§ **Task goal**
Write out the data below in full, unchanged, minus the images.
· · · ·
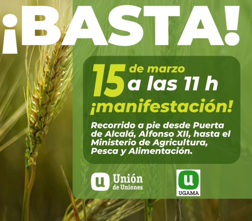 UGAMA, saldrá el próximo 15 de marzo en Madrid, desde la Puerta de Alcalá hasta el Ministerio de Agricultura discurriendo por la calle Alfonso XII.
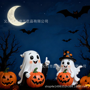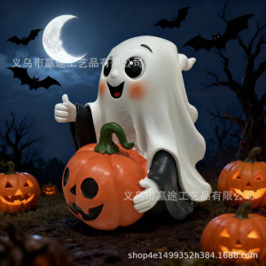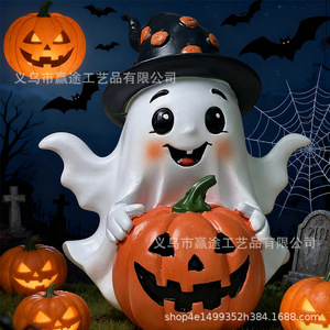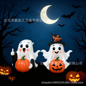跨境新款万圣节幽灵南瓜派对摆件高级感小众树脂工艺品鬼节装饰
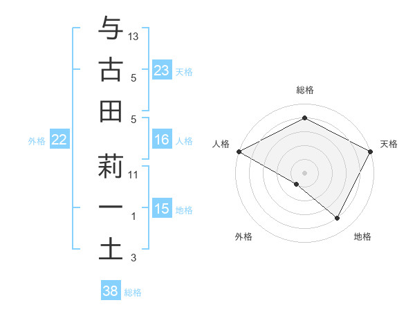 与古田 莉一土さんを姓名の画数から五運を鑑定
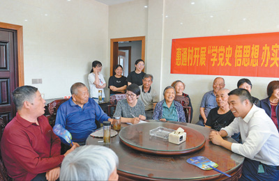今年以来,浙江省嘉善县惠民街道开展“学党史 悟思想 办实事 开新局”主题活动,在学习党史的同时了解村情民意,帮助老百姓办实事、解难题。图为5月25日,惠民街道惠通村党总支书记陈明刚(右一)召集村民代表会议,进行党史学习并交流致富经验。
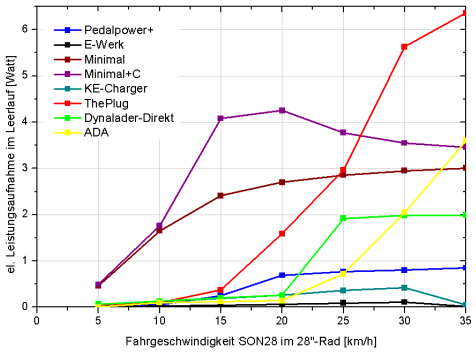 Bis auf den Forumslader haben die hier getesten Adapter keinen Schalter, um sie vom Nabendynamo zu trennen, wenn sie nicht gebraucht werden. Wer ein Gerät zur GPS-Navigation am Lenker betreibt, kommt selten in diese Situation. Wer nur gelegentlich etwas auflädt, sollte hingegen schon versuchen, unnötige Leerlaufverluste nach Beenden dieses Vorgangs zu vermeiden. Beim E-Werk ist dies allerdings unnötig. Auch bei schneller Fahrt bleiben die Verluste stets unter 0,1 Watt. Der KE-Charger bleibt mit maximal 0,4 Watt auch noch im vernachlässigbaren Bereich. Bei den anderen Adaptern sollte man über das Nachrüsten eines Schalters auf dem Weg zum Nabendynamo nachdenken.
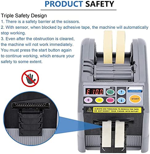 ●★【DESIGN A TRIPLA SICUREZZA】-① C'è una barriera di sicurezza sulle forbici. ②Con il sensore ottico, quando bloccato dal nastro adesivo, la macchina smetterà automaticamente di funzionare. ③Anche dopo aver eliminato l'ostruzione, la macchina non funzionerà immediatamente. È necessario premere nuovamente il pulsante di avvio per continuare a lavorare, il che garantisce in una certa misura la tua sicurez
· · · ·
§ **Answer space**
 UGAMA, saldrá el próximo 15 de marzo en Madrid, desde la Puerta de Alcalá hasta el Ministerio de Agricultura discurriendo por la calle Alfonso XII.
跨境新款万圣节幽灵南瓜派对摆件高级感小众树脂工艺品鬼节装饰
 与古田 莉一土さんを姓名の画数から五運を鑑定
今年以来,浙江省嘉善县惠民街道开展“学党史 悟思想 办实事 开新局”主题活动,在学习党史的同时了解村情民意,帮助老百姓办实事、解难题。图为5月25日,惠民街道惠通村党总支书记陈明刚(右一)召集村民代表会议,进行党史学习并交流致富经验。
 Bis auf den Forumslader haben die hier getesten Adapter keinen Schalter, um sie vom Nabendynamo zu trennen, wenn sie nicht gebraucht werden. Wer ein Gerät zur GPS-Navigation am Lenker betreibt, kommt selten in diese Situation. Wer nur gelegentlich etwas auflädt, sollte hingegen schon versuchen, unnötige Leerlaufverluste nach Beenden dieses Vorgangs zu vermeiden. Beim E-Werk ist dies allerdings unnötig. Auch bei schneller Fahrt bleiben die Verluste stets unter 0,1 Watt. Der KE-Charger bleibt mit maximal 0,4 Watt auch noch im vernachlässigbaren Bereich. Bei den anderen Adaptern sollte man über das Nachrüsten eines Schalters auf dem Weg zum Nabendynamo nachdenken.
 ●★【DESIGN A TRIPLA SICUREZZA】-① C'è una barriera di sicurezza sulle forbici. ②Con il sensore ottico, quando bloccato dal nastro adesivo, la macchina smetterà automaticamente di funzionare. ③Anche dopo aver eliminato l'ostruzione, la macchina non funzionerà immediatamente. È necessario premere nuovamente il pulsante di avvio per continuare a lavorare, il che garantisce in una certa misura la tua sicurez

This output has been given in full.